Celebrating the Anniversary of the ADA

One of the most important pieces of Civil Rights legislation, the Americans with Disabilities Act, was signed into law on July 26, 1990. We want to honor the anniversary of that legislation by highlighting the work of Justin Dart Jr., a major contributor and one of the people that helped open the door for so many others.

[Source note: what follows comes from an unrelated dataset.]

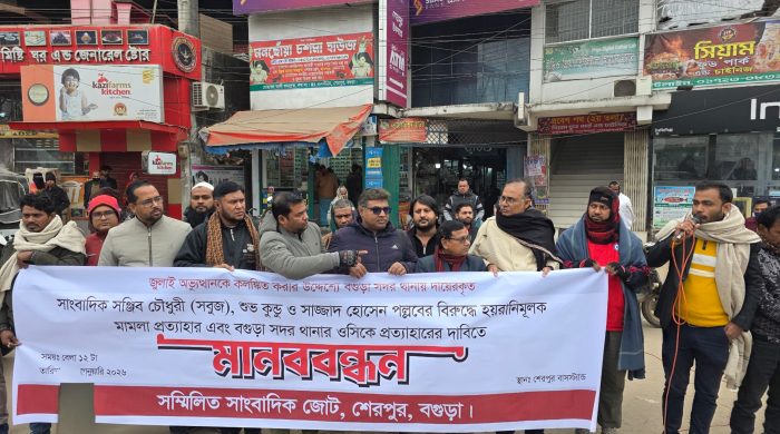 বগুড়ার শেরপুর উপজেলা প্রেসক্লাবের সাধারণ সম্পাদক ও দৈনিক প্রথম আলোর প্রতিনিধিসহ তিন সাংবাদিককে হত্যাচেষ্টা মামলায় জড়ানোর প্রতিবাদে বিক্ষুব্ধ হয়ে উঠেছে শেরপুর। সোমবার (৫ জানুয়ারি) দুপুরে বগুড়া-ঢাকা মহাসড়কের শেরপুর করতোয়া বাসস্ট্যান্ড এলাকায় ‘সম্মিলিত সাংবাদিক জোট’-এর ব্যানারে এক বিশাল মানববন্ধন ও প্রতিবাদ সমাবেশ অনুষ্ঠিত হয়। সমাবেশ থেকে সাংবাদিকরা ওই মামলা থেকে তিন সাংবাদিকের নাম প্রত্যাহার এবং কোনো যাচাই-বাছাই ছাড়াই মামলা গ্রহণ করায় বগুড়া সদর থানার ভারপ্রাপ্ত কর্মকর্তার (ওসি) অপসারণ দাবি করেন। সম্মিলিত সাংবাদিক জোটের সমন্বয়ক রঞ্জন কুমার দে-র সভাপতিত্বে অনুষ্ঠিত এই কর্মসূচিতে শেরপুর উপজেলা প্রেসক্লাব, শেরপুর থানা প্রেসক্লাব, উত্তরবঙ্গ সাংবাদিক সংস্থা, সাংবাদিক উন্নয়ন সোসাইটি ও বাংলাদেশ প্রেস ক্লাবের সকল সদস্যরা অংশ নেন।...

Dart was born into a prominent family; his grandfather Charles R. Walgreen established the Walgreens drugstore chain. In 1948 he contracted polio, leaving him wheelchair-bound. He attended the University of Houston where his interest in civil rights began on campus. In 1952 he founded an organization to promote racial integration of the then-segregated university. This is also where he started getting active in the disability rights movement. In 1954 he earned undergraduate degrees in history and education, but the university refused to give him a teaching certificate because of his disability.

After starting several successful international businesses and advocating for disability rights overseas, Dart decided to dedicate himself entirely to the cause of human and disability rights. He and his family moved to Texas in 1974 and immersed themselves in local disability activism. From 1980 to 1985 Dart was a member, and then chair, of the Texas Governor’s Committee for Persons with Disabilities. His work in Texas became a pattern for what was to follow: extensive meetings with grassroots organizers, followed by a call for the radical empowerment of people with disabilities, followed by tireless advocacy.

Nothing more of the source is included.